Thursday August 19, 2021.

Intel has revealed some details about its upcoming chip designs, and claims they are the biggest and most significant change to its products for years.

This includes new CPUs and the Alder Lake family that places different types of core alongside each other in system-on-chip packages.

The chip giant is kinda taking a leaf out of the Arm world's book, here.

Arm-compatible smartphones, tablets, and PCs typically have a mix of CPU core types: some lightweight ones that are battery friendly and focused on running things like background tasks and less-demanding apps, and some that draw more power and are used only when applications need a surge in processing performance. The operating system should assign apps to the appropriate cores, ensuring software gets the right level of performance without draining the battery too much.
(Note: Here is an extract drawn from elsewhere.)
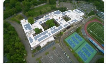
Municipal and School Buildings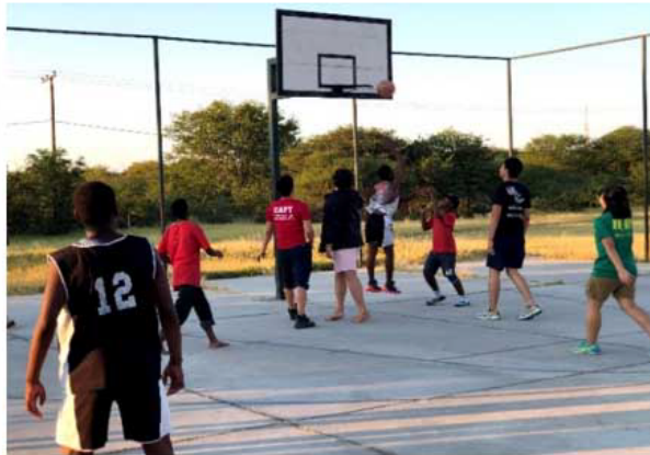
Our students enjoying a game of basketball at Delta Waters International School

[Quotes extracted from post-internship report, STEER Botswana 2018.]

Intel is trying to go the same sort of route: one of its new CPU core types is called the Efficient Core – aka Gracemont – and Intel says that when compared to its 2015-era Skylake architecture, it "achieves 40 percent more performance at the same power or delivers the same performance while consuming less than 40 percent of the power."

As the name implies, Intel intends this E core to be used primarily in devices like thin and light laptops.

Some notable features: the E core has a 64KB L1 instruction cache, 32KB of L1 data cache, and up to 4MB of L2 cache shared by four cores. Spectre-be-damned, Intel is leaning hard into speculative execution to speed up software. This means improvements, we're told, to the branch prediction and prefetchers, and dual three-wide x86 instruction decoders – so up to six instructions per cycle queued up. The pipeline has a 256-entry out-of-order window, and 17 execution ports into the integer ALUs, numerous floating-point and vector math units, and memory access units.

The E core supports AVX vector math with extensions to accelerate integer-based machine-learning calculations.

Intel's overview of its Efficient Core ... Click to enlarge

And to complement the E core is the Intel Performance Core, previously discussed under the name Golden Cove. The P core includes Advanced Matrix Extensions, an acceleration engine designed to speed AI workloads. This core is also supposed to scale from laptops and desktop PCs to servers.

Like with the E, Intel says the P core uses all manner of new techniques and speculative execution to anticipate processing requirements and get stuff done efficiently. The P core has, among other things, six instruction decoders, a bigger and wider micro-op cache, 12 execution ports, bigger register files, improved branch prediction and prefetching, a 512-entry reorder buffer, faster math operations, 32KB of L1 instruction cache with a larger instruction TLB, 48KB of L1 data cache, and up to 2MB of L2 cache. More instructions are executed at the rename and allocation stage of the pipeline, too, interestingly.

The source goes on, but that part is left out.